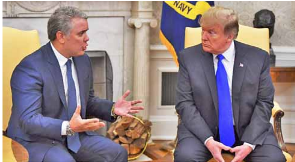
En 2017, Trump amenazó con no certificar Colombia en la lucha antidrogas

“Estamos trabajando juntos para que Colombia erradique algo de lo que están cultivando en Colombia.
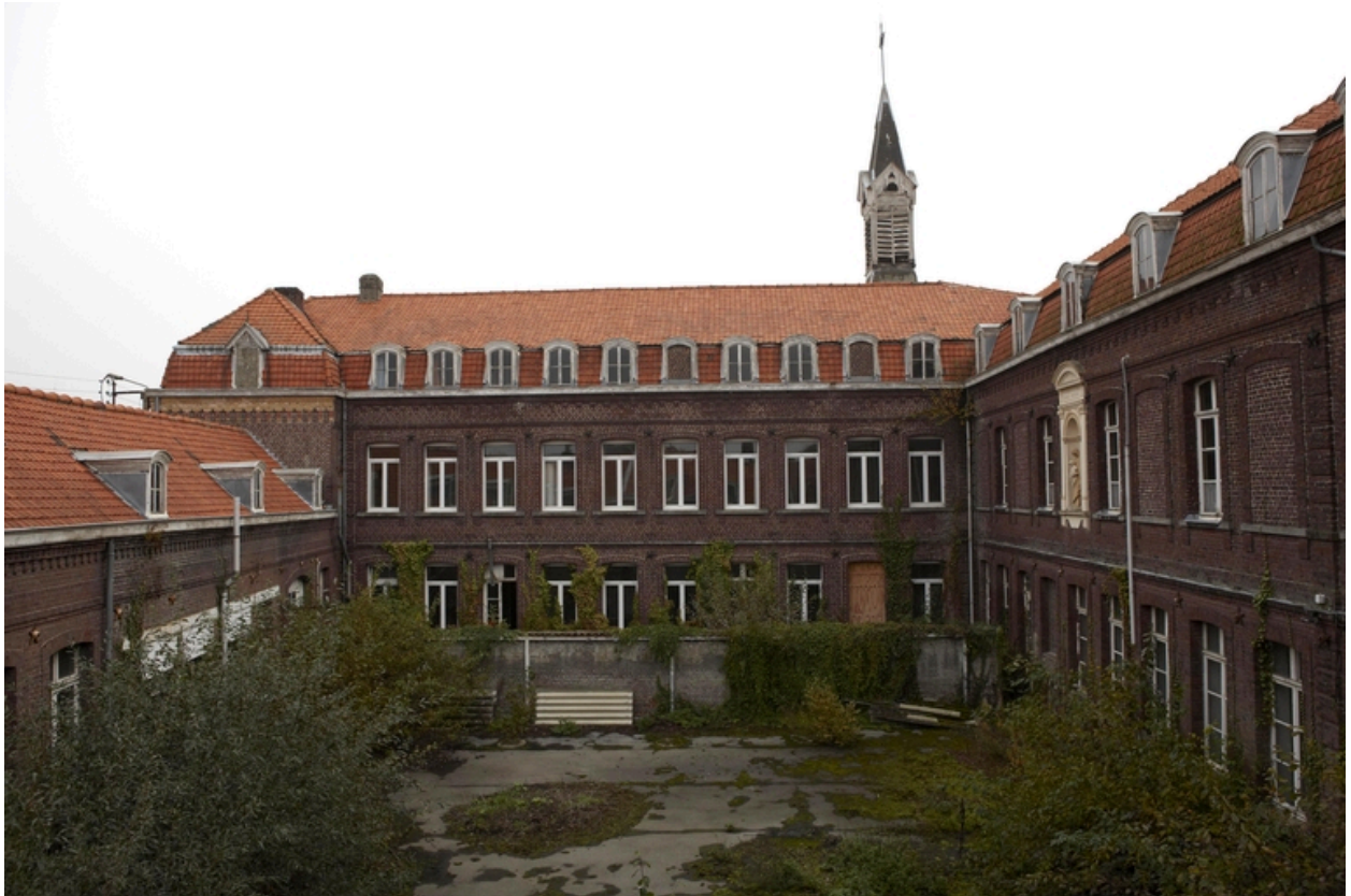
La cour ouest.
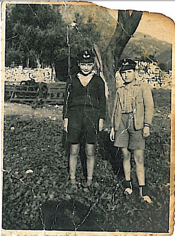
Φωτογραφικό Αρχείο Σταύρου Γεωργίου Παπαναστάση.
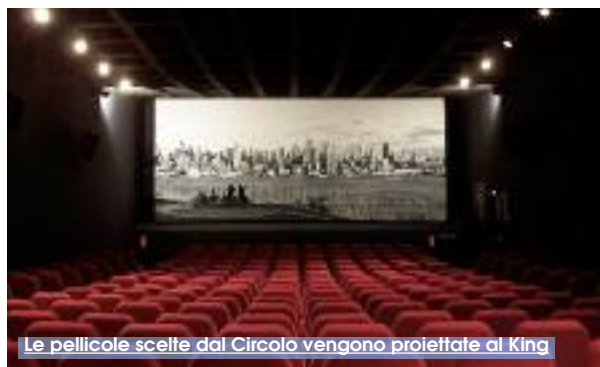
Le pellicole scelte dal Circolo vengono proiettate al King

Necessaria, perché il cinema d'autore è indiscutibilmente un mezzo di rappresentazione e approfondimento culturale che spesso, però, deve fare i conti con esigenze di tipo commerciale. Nulla di nuovo per i cinefili come noi, costretti, talvolta, a dover rinunciare alla visione in sala, perché non proiettato. Scelta quest'ultima della casa editrice, che è anche il proprietario - distribu-
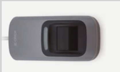
Дактилоскопический сканер ДС «Орион» для регистрации и контроля
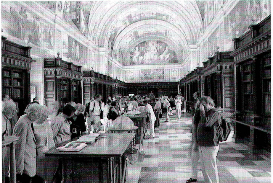
Ausstellung in der Bibliothek des Klosters von San Lorenzo de El Escorial.
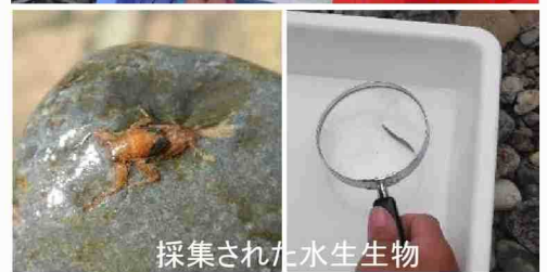
採集された水生生物
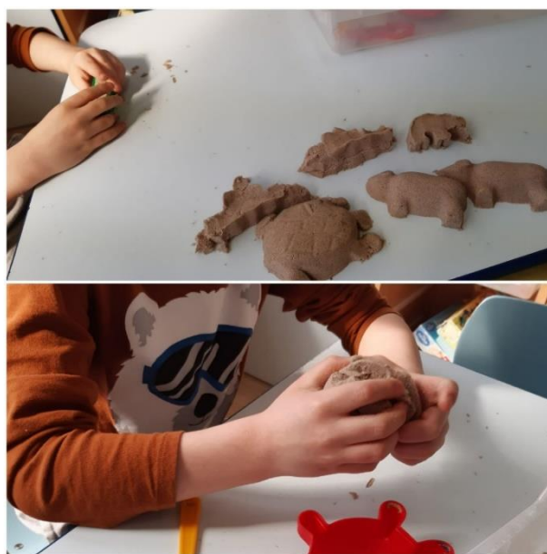
Slika 26. Sakupljanje i imenovanje, te brojanje životinja

Na slici 26. aktivnost s kinetičkim pijeskom bila je proširena na način da je uvedeno novo pravilo. Izrađene životinje su se skupljale i imenovale, te smo ih zajedno brojali. V je često rušio, odmah nakon što je izradio oblik pomoću kalupa. Sada je uz poticaj i vođenje čekao da sakupi nekoliko životinja, prebroji ih, a tek nakon toga mogao ih je uništiti što je za njega predstavljalo izazov.
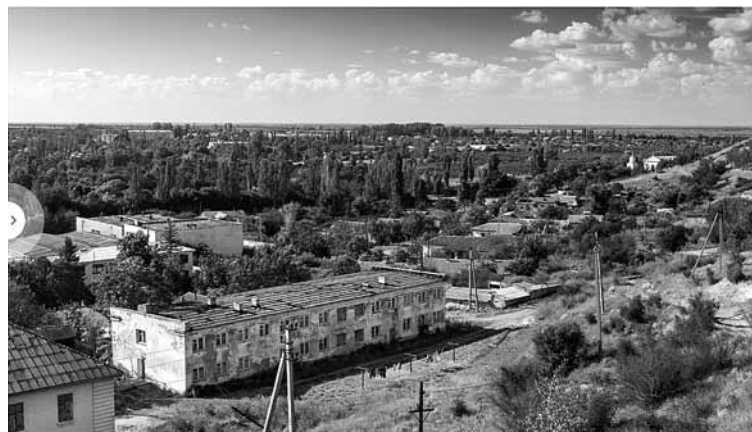
Zürichtal heisst nun Zolotoe Pole. Aufgenommen im Jahr 2012

erschöpft ihr Zwischenziel. Ohne angemessene Winterkleidung und von einer Pockenepidemie heimgesucht, starben etwa 30 Menschen, hauptsächlich Kinder. Trotz dieser schmerzlichen Verluste setzten die Überlebenden ihre Reise am 24. Mai 1804 fort.
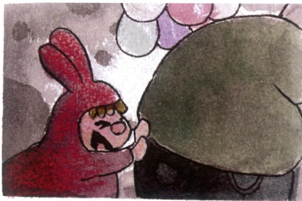
圓圓還是有一點害怕
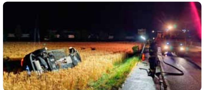
T1 – PKW - Bergung nach Verkehrsunfall 04. Juli
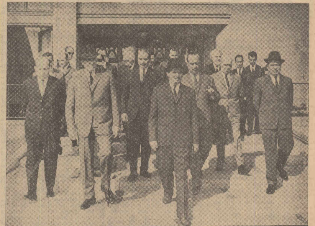
Pe aeroportul Băneasa înainte de plecare

Miercuri dimineața a părăsit Capitala delegația Comitetului Central al Partidului Comunist Român, condusă de tovarășul Nicolae Ceaușescu, secretar general al C.C. al P.C.R., care, la invitația Comitetului Central al Partidului Muncitoresc Socialist Ungar, va face o vizită prietenească la Budapesta.
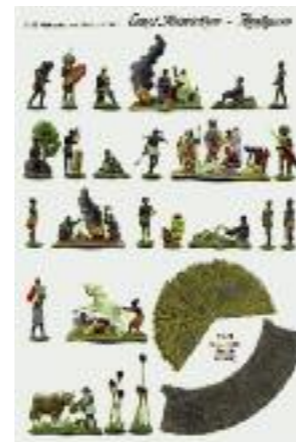
Figurengruppe »Afrikanisches Dorf« Deutschland, 2008 nach einem Vorbild um 1890 Zinn, Pigment; H max. 3 cm RJM 63885

Ende des 19. Jahrhunderts wurde die koloniale Aneignung unter anderem mit der vermeintlichen Rückständigkeit des afrikanischen Kontinents gerechtfertigt. Das aus Strohütten bestehende Dorf wurde als typische afrikanische Siedlungsform dargestellt. Afrikanische Strohüttdörfer zierten schon früh Objekte der deutschen Alltagskultur. Daran hat sich bis heute wenig geändert. »Folklore« dominiert die Darstellung Afrikas: Mit einem aktuellen Stickerheftchen kann man sich sein »authentisches« afrikanisches Dorf basteln, das sich kaum von seinen gut 100 Jahre älteren Vorgängern aus Zinn unterscheidet. Heute wie damals entsprechen die Objekte keinem realen Dorf in einem bestimmten afrikanischen Land, sondern sind der Phantasie der europäischen Schöpfer entsprungen. Das moderne Afrika kommt auch in den Medien kaum vor, wenngleich Großstädte wie Lagos oder Johannesburg mit ihren Hochhäusern, ihrem Verkehr und ihrer Millionenbevölkerung den europäischen Metropolen in nichts nachstehen.
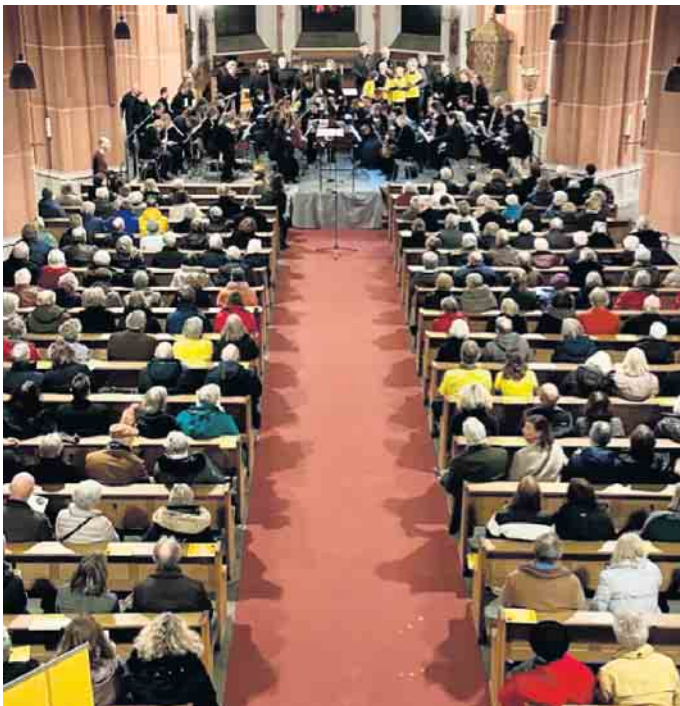
Berührten die Konzertbesucher in der Herz-Jesu Kirche: Junge Chormitglieder*innen inmitten des Rheinischen Bach-Consortiums sangen Teile des Weihnachtsoratoriums von J. S. Bach.

Casa befindet sich im Bau. Es ist für junge gefährdete Mädchen vorgesehen, die in etwa in dem Alter, ca. 10 bis 12 Jahre, sind, wie die jungen Mädchen, die gleich hier im Chor mitsingen werden“, kündigt der engagierte Mediziner einen besonderen Konzertteil an. Die jungen Sängerinnen beeindruckten gemeinsam mit dem Orchester im Choral der Kantate I des Weihnachtsoratoriums und sorgten bei vielen Zuhörern für glänzende Augen. Die Sanges- und Spielfreude war allen Mitwirkenden anzumerken und die begeisterten Konzertbesucher bedankten sich bei den Musikern mit langanhaltenden stehenden Ovationen.
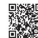
ひろさきリユース 促進掲示板

このほかにも、パソコンやスマートフォンを使わずに利用できる「ひろさきリユース促進掲示板」や「衣類回収ボックス」の設置など、リユース活動を推進していますので、こちらもぜひご覧ください。
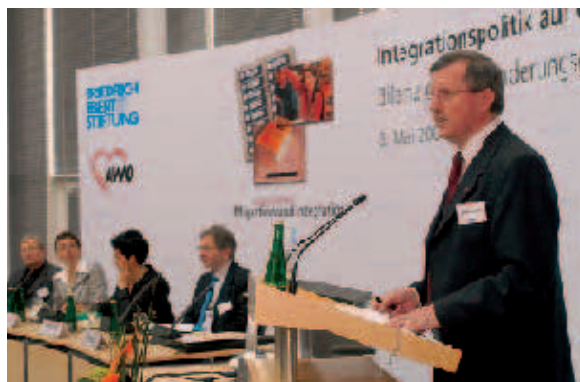
Der AWO-Bundesvorsitzende Wilhelm Schmidt beim Gesprächskreis Migration und Integration.

setzes sind die Integrationskurse. Sie bestehen aus 600 Stunden Sprachkurs und einem 30stündigen Orientierungskurs, in dem Grundkenntnisse der deutschen Geschichte und Demokratie vermittelt werden. Die Teilnehmer begrüßten, dass der Bund Verantwortung für die Integration übernommen hat. Die Praxis zeige jedoch, dass es noch einiges an der Qualität der Kurse zu verbessern gibt.
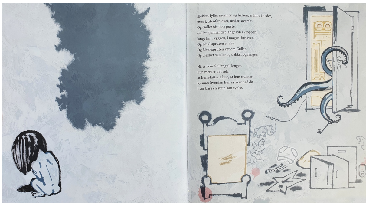
Figur 5 Dahle, 2016a, oppslag 9
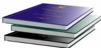
شکل ۱-۱ شرح شکل

به‌عنوان نمونه شکل (۱-۱) در زیر ارائه شده است.
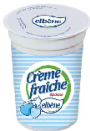
Crème fraîche ELBENE 15 cl
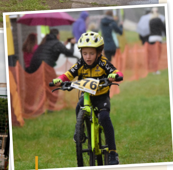
V rámci Velké ceny Vimperka horských kol se konaly také soutěže v dětských kategoriích.
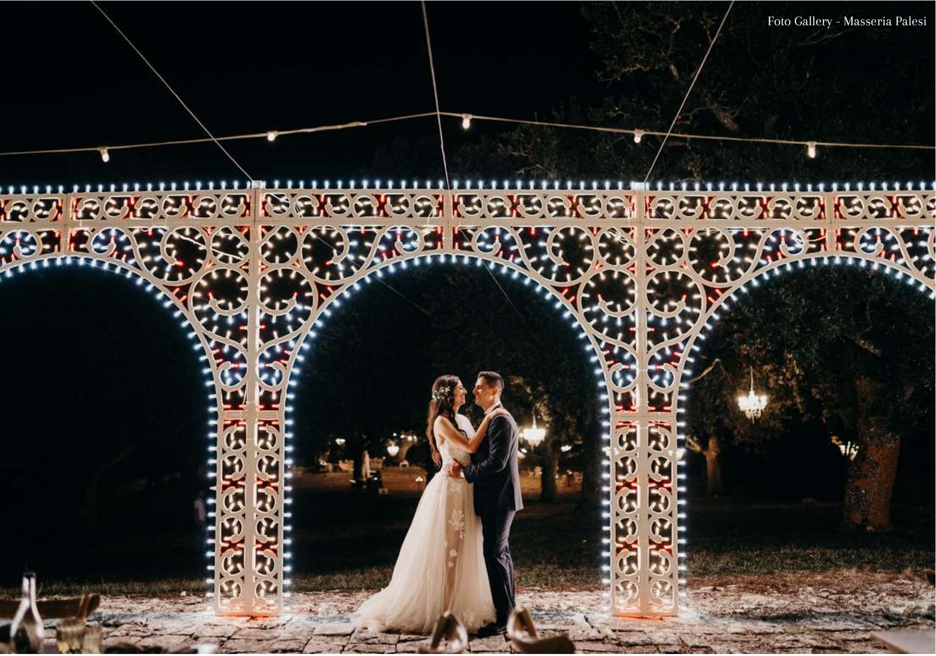
Foto Gallery - Masseria Palesi
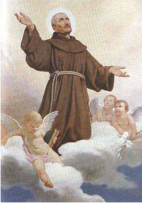
Fra Bonaventura da Barcellona (Michele Battista Gran Peris 1620 - 1684) fondatore della Ri- formella francescana. Beatificato nel 1906 da Pio X.
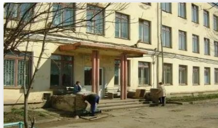
Поставка оборудования для швейной мастерской в «Школу-интернат №1»
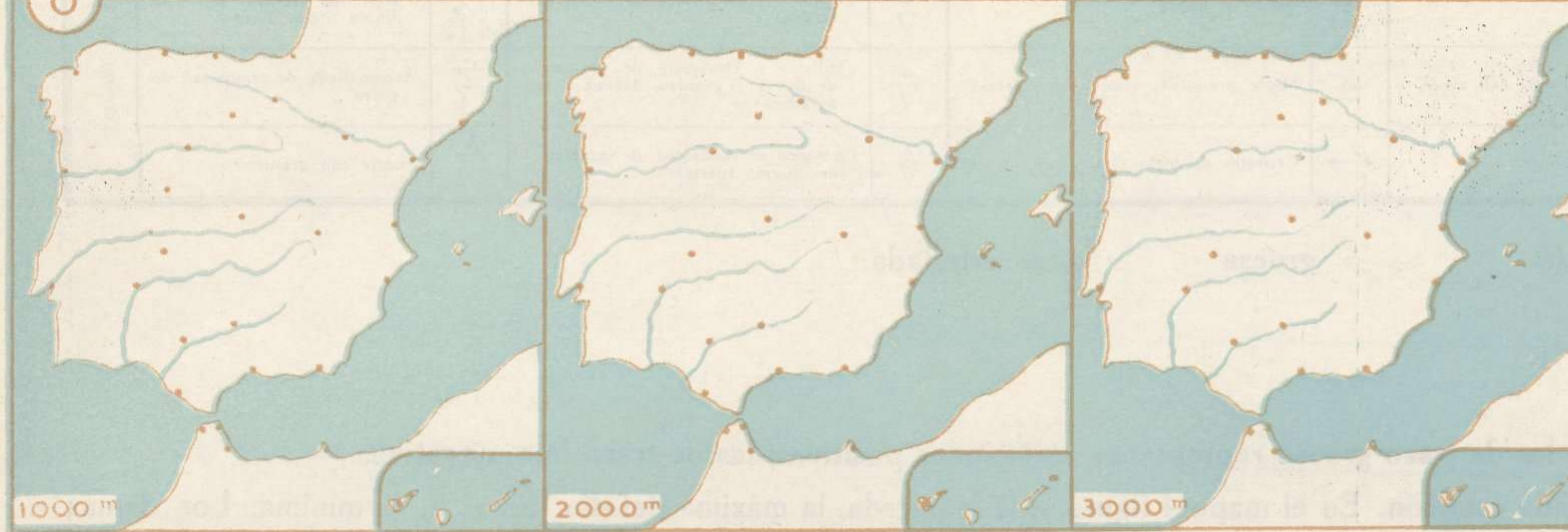
VIENTO EN LA ALTURA A 8" DE HOY
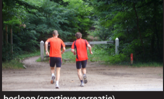
bosloop (sportieve recreatie)
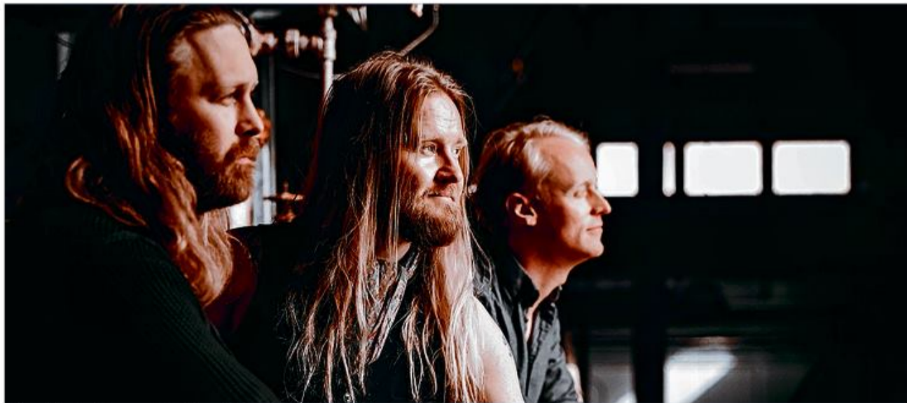
Islandske juletoner -Árstíðir

koncerten lyser bandet den vinterlige mørke tid op med deres intime arrangementer og harmoniske sang. Arrangementet præsenteres af Mitendrin GmbH, SdU og SSF. Billetter: ssf-billetten.de , +49 461 14408 125, SSFs sekretariat, Aktivitetshuset, sh:z Ticketcenter, Nikolaistr. 7 FL, Reisebüro Peelwatt, Marie-Curie-Ring 39 FL og ved indgangen.
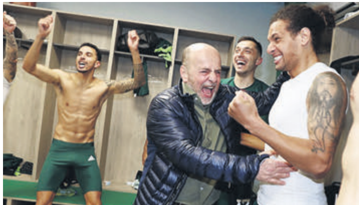
Με την πλάτη στον τοίχο ο Γιάννης Αλαφούζος δέχεται όσο κανείς την πίεση για την αστοχία των επιλογών του. Ο Φατίχ Τερίμ βγάζει την ουρά του απέξω για τις αποτυχίες του Παναθηναϊκού και ο κόσμος είναι έτοιμος να εκραγεί κατά του ιδιοκτήτη ▶ ΣΕΛ. 11
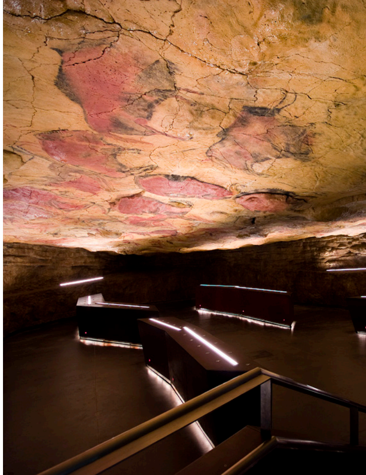
▲ NEOCUEVA-阿尔塔米拉国家博物馆及研究中心 (MUSEO NACIONAL Y CENTRO DE INVESTIGACIÓN DE ALTAMIRA) 海边的散提亚拿，坎塔布里亚

◆ TASK PROMPT ◆
Write the material out again exactly as it appears, dropping the pictures.

◆ SOLUTION ◆
En 2017, Trump amenazó con no certificar Colombia en la lucha antidrogas

“Estamos trabajando juntos para que Colombia erradique algo de lo que están cultivando en Colombia.
La cour ouest.
Φωτογραφικό Αρχείο Σταύρου Γεωργίου Παπαναστάση.
Le pellicole scelte dal Circolo vengono proiettate al King

Necessaria, perché il cinema d'autore è indiscutibilmente un mezzo di rappresentazione e approfondimento culturale che spesso, però, deve fare i conti con esigenze di tipo commerciale. Nulla di nuovo per i cinefili come noi, costretti, talvolta, a dover rinunciare alla visione in sala, perché non proiettato. Scelta quest'ultima della casa editrice, che è anche il proprietario - distribu-
Дактилоскопический сканер ДС «Орион» для регистрации и контроля
Ausstellung in der Bibliothek des Klosters von San Lorenzo de El Escorial.
採集された水生生物
Slika 26. Sakupljanje i imenovanje, te brojanje životinja

Na slici 26. aktivnost s kinetičkim pijeskom bila je proširena na način da je uvedeno novo pravilo. Izrađene životinje su se skupljale i imenovale, te smo ih zajedno brojali. V je često rušio, odmah nakon što je izradio oblik pomoću kalupa. Sada je uz poticaj i vođenje čekao da sakupi nekoliko životinja, prebroji ih, a tek nakon toga mogao ih je uništiti što je za njega predstavljalo izazov.
Zürichtal heisst nun Zolotoe Pole. Aufgenommen im Jahr 2012

erschöpft ihr Zwischenziel. Ohne angemessene Winterkleidung und von einer Pockenepidemie heimgesucht, starben etwa 30 Menschen, hauptsächlich Kinder. Trotz dieser schmerzlichen Verluste setzten die Überlebenden ihre Reise am 24. Mai 1804 fort.
圓圓還是有一點害怕
T1 – PKW - Bergung nach Verkehrsunfall 04. Juli
Pe aeroportul Băneasa înainte de plecare

Miercuri dimineața a părăsit Capitala delegația Comitetului Central al Partidului Comunist Român, condusă de tovarășul Nicolae Ceaușescu, secretar general al C.C. al P.C.R., care, la invitația Comitetului Central al Partidului Muncitoresc Socialist Ungar, va face o vizită prietenească la Budapesta.
Figurengruppe »Afrikanisches Dorf« Deutschland, 2008 nach einem Vorbild um 1890 Zinn, Pigment; H max. 3 cm RJM 63885

Ende des 19. Jahrhunderts wurde die koloniale Aneignung unter anderem mit der vermeintlichen Rückständigkeit des afrikanischen Kontinents gerechtfertigt. Das aus Strohütten bestehende Dorf wurde als typische afrikanische Siedlungsform dargestellt. Afrikanische Strohüttdörfer zierten schon früh Objekte der deutschen Alltagskultur. Daran hat sich bis heute wenig geändert. »Folklore« dominiert die Darstellung Afrikas: Mit einem aktuellen Stickerheftchen kann man sich sein »authentisches« afrikanisches Dorf basteln, das sich kaum von seinen gut 100 Jahre älteren Vorgängern aus Zinn unterscheidet. Heute wie damals entsprechen die Objekte keinem realen Dorf in einem bestimmten afrikanischen Land, sondern sind der Phantasie der europäischen Schöpfer entsprungen. Das moderne Afrika kommt auch in den Medien kaum vor, wenngleich Großstädte wie Lagos oder Johannesburg mit ihren Hochhäusern, ihrem Verkehr und ihrer Millionenbevölkerung den europäischen Metropolen in nichts nachstehen.
Berührten die Konzertbesucher in der Herz-Jesu Kirche: Junge Chormitglieder*innen inmitten des Rheinischen Bach-Consortiums sangen Teile des Weihnachtsoratoriums von J. S. Bach.

Casa befindet sich im Bau. Es ist für junge gefährdete Mädchen vorgesehen, die in etwa in dem Alter, ca. 10 bis 12 Jahre, sind, wie die jungen Mädchen, die gleich hier im Chor mitsingen werden“, kündigt der engagierte Mediziner einen besonderen Konzertteil an. Die jungen Sängerinnen beeindruckten gemeinsam mit dem Orchester im Choral der Kantate I des Weihnachtsoratoriums und sorgten bei vielen Zuhörern für glänzende Augen. Die Sanges- und Spielfreude war allen Mitwirkenden anzumerken und die begeisterten Konzertbesucher bedankten sich bei den Musikern mit langanhaltenden stehenden Ovationen.
ひろさきリユース 促進掲示板

このほかにも、パソコンやスマートフォンを使わずに利用できる「ひろさきリユース促進掲示板」や「衣類回収ボックス」の設置など、リユース活動を推進していますので、こちらもぜひご覧ください。
Der AWO-Bundesvorsitzende Wilhelm Schmidt beim Gesprächskreis Migration und Integration.

setzes sind die Integrationskurse. Sie bestehen aus 600 Stunden Sprachkurs und einem 30stündigen Orientierungskurs, in dem Grundkenntnisse der deutschen Geschichte und Demokratie vermittelt werden. Die Teilnehmer begrüßten, dass der Bund Verantwortung für die Integration übernommen hat. Die Praxis zeige jedoch, dass es noch einiges an der Qualität der Kurse zu verbessern gibt.
Figur 5 Dahle, 2016a, oppslag 9
شکل ۱-۱ شرح شکل

به‌عنوان نمونه شکل (۱-۱) در زیر ارائه شده است.
Crème fraîche ELBENE 15 cl
V rámci Velké ceny Vimperka horských kol se konaly také soutěže v dětských kategoriích.
Foto Gallery - Masseria Palesi
Fra Bonaventura da Barcellona (Michele Battista Gran Peris 1620 - 1684) fondatore della Ri- formella francescana. Beatificato nel 1906 da Pio X.
Поставка оборудования для швейной мастерской в «Школу-интернат №1»
VIENTO EN LA ALTURA A 8" DE HOY
bosloop (sportieve recreatie)
Islandske juletoner -Árstíðir

koncerten lyser bandet den vinterlige mørke tid op med deres intime arrangementer og harmoniske sang. Arrangementet præsenteres af Mitendrin GmbH, SdU og SSF. Billetter: ssf-billetten.de , +49 461 14408 125, SSFs sekretariat, Aktivitetshuset, sh:z Ticketcenter, Nikolaistr. 7 FL, Reisebüro Peelwatt, Marie-Curie-Ring 39 FL og ved indgangen.
Με την πλάτη στον τοίχο ο Γιάννης Αλαφούζος δέχεται όσο κανείς την πίεση για την αστοχία των επιλογών του. Ο Φατίχ Τερίμ βγάζει την ουρά του απέξω για τις αποτυχίες του Παναθηναϊκού και ο κόσμος είναι έτοιμος να εκραγεί κατά του ιδιοκτήτη ▶ ΣΕΛ. 11
▲ NEOCUEVA-阿尔塔米拉国家博物馆及研究中心 (MUSEO NACIONAL Y CENTRO DE INVESTIGACIÓN DE ALTAMIRA) 海边的散提亚拿，坎塔布里亚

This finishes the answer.